Rosecrans Air National Guard Base or Rosecrans ANGB, is located on a portion of the Rosecrans Memorial Airport , Saint Joseph, Missouri, USA. It is the home of the 139th Airlift Wing, Missouri Air National Guard and the Advanced Airlift Tactics Training Center. It is named in honor of Guy Wallace Rosecrans, a U.S. Army Air Service airman killed in World War I.

History
During World War II, the U.S. Army Air Forces established Rosecrans Field, also called St. Joseph Army Air Field, at Rosecrans Memorial Airport.

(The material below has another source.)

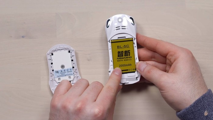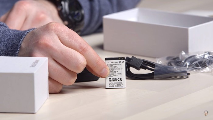 Karena bentuknya yang mungil sekali, ponsel ini pun hanya dibekali baterai dengan kapasitas 600mAh. Foto: YouTube/UnboxTherapy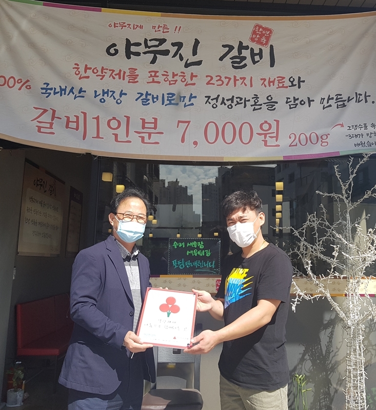 이종민 야무진갈비 대표와 목유경 성원닭갈비 대표는 ”항상 이웃과 나누며 서로 돕고 살아야 한다는 마음을 품고 있었는데 지역사회보장협의체위원의 권유로 착한가게에 가입하게 됐다“라며 ”비록 큰돈은 아니지만, 어렵고 힘든 사람들에서 도움이 됐으면 한다“라고 말했다.

The Ferrying Division, Air Transport Command took over the field on July 6, 1942. It became the home for the 1st Operational Training Unit (OTU) composed of the 561st Army Air Force (AAF) Base Unit, Headquarters and Headquarters Squadron, 61st Aircraft Engineering Squadron, 993rd Guard Squadron, 730th AAF Band, 50th Transport Transition Squadron, Medical and WAC Detachments and the 562nd Training Squadron.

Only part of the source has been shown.